* GIVEN DATA:
────────────────────────────────────────

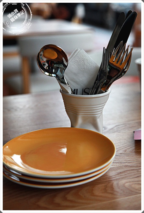| 點完餐後服務生就快速的幫我們送上了餐具,可能看我們點滿多餐點的,所以每個人還有一個小盤子,把她當成分享餐的概念來使用,只是裝餐具的杯子有點不穩,有時候拿一個刀叉一個重心不穩整個杯子就會打翻了。 |
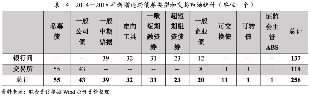 各年份違約主體違約前信用評級呈現明顯的遷移態勢,2014年違約主體的信用評級較低,或無信用評級,隨后違約主體信用級別逐漸升高和分散化,直至2017年,級別最高的違約債券違約前主體信用評級提高至AA+,2018年,幾乎各個級別都出現了違約情況。
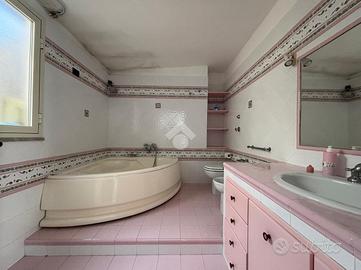 Da una scala a chiocciola si accede al primo piano, dove è presente la camera da letto matrimoniale, servita da un bagno con vasca e da un ampio terrazzo.
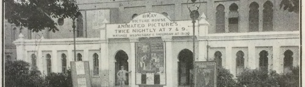 From his article we learn that Power was a barber working from a shop at 1 Novara Avenue in Bray, which became the production office during shooting, with barrels for processing film in its yard; that Tobin’s blind brother Matthew operated the camera at times when all that this required was for him to turn the handle moving the film through the camera at a steady pace; that Power’s first film was the one-reel comedy called Willy Scouts While Jessie Pouts; that Power collected Kitty, an experienced amateur actor, from her tobacconist’s job when the weather was good for filming; and that he died on 20 June 1920 from injuries sustained while shooting a racing scene at Leopardstown race course for An Irish Vendetta, his follow up to Rosaleen Dhu. O’Fearail is less interested in the exhibition of the film, merely quoting Bray native Christy Brien’s claim that it was shown at Mac’s in Bray at an unspecified date and speculating that it was screened at other cinemas in Wicklow and probably beyond.

────────────────────────────────────────

* WHAT IS BEING ASKED: The answer should consist of every line above, exact and free of images.

* COMPLETED TASK:
| 點完餐後服務生就快速的幫我們送上了餐具,可能看我們點滿多餐點的,所以每個人還有一個小盤子,把她當成分享餐的概念來使用,只是裝餐具的杯子有點不穩,有時候拿一個刀叉一個重心不穩整個杯子就會打翻了。 |
 各年份違約主體違約前信用評級呈現明顯的遷移態勢,2014年違約主體的信用評級較低,或無信用評級,隨后違約主體信用級別逐漸升高和分散化,直至2017年,級別最高的違約債券違約前主體信用評級提高至AA+,2018年,幾乎各個級別都出現了違約情況。
 Da una scala a chiocciola si accede al primo piano, dove è presente la camera da letto matrimoniale, servita da un bagno con vasca e da un ampio terrazzo.
 From his article we learn that Power was a barber working from a shop at 1 Novara Avenue in Bray, which became the production office during shooting, with barrels for processing film in its yard; that Tobin’s blind brother Matthew operated the camera at times when all that this required was for him to turn the handle moving the film through the camera at a steady pace; that Power’s first film was the one-reel comedy called Willy Scouts While Jessie Pouts; that Power collected Kitty, an experienced amateur actor, from her tobacconist’s job when the weather was good for filming; and that he died on 20 June 1920 from injuries sustained while shooting a racing scene at Leopardstown race course for An Irish Vendetta, his follow up to Rosaleen Dhu. O’Fearail is less interested in the exhibition of the film, merely quoting Bray native Christy Brien’s claim that it was shown at Mac’s in Bray at an unspecified date and speculating that it was screened at other cinemas in Wicklow and probably beyond.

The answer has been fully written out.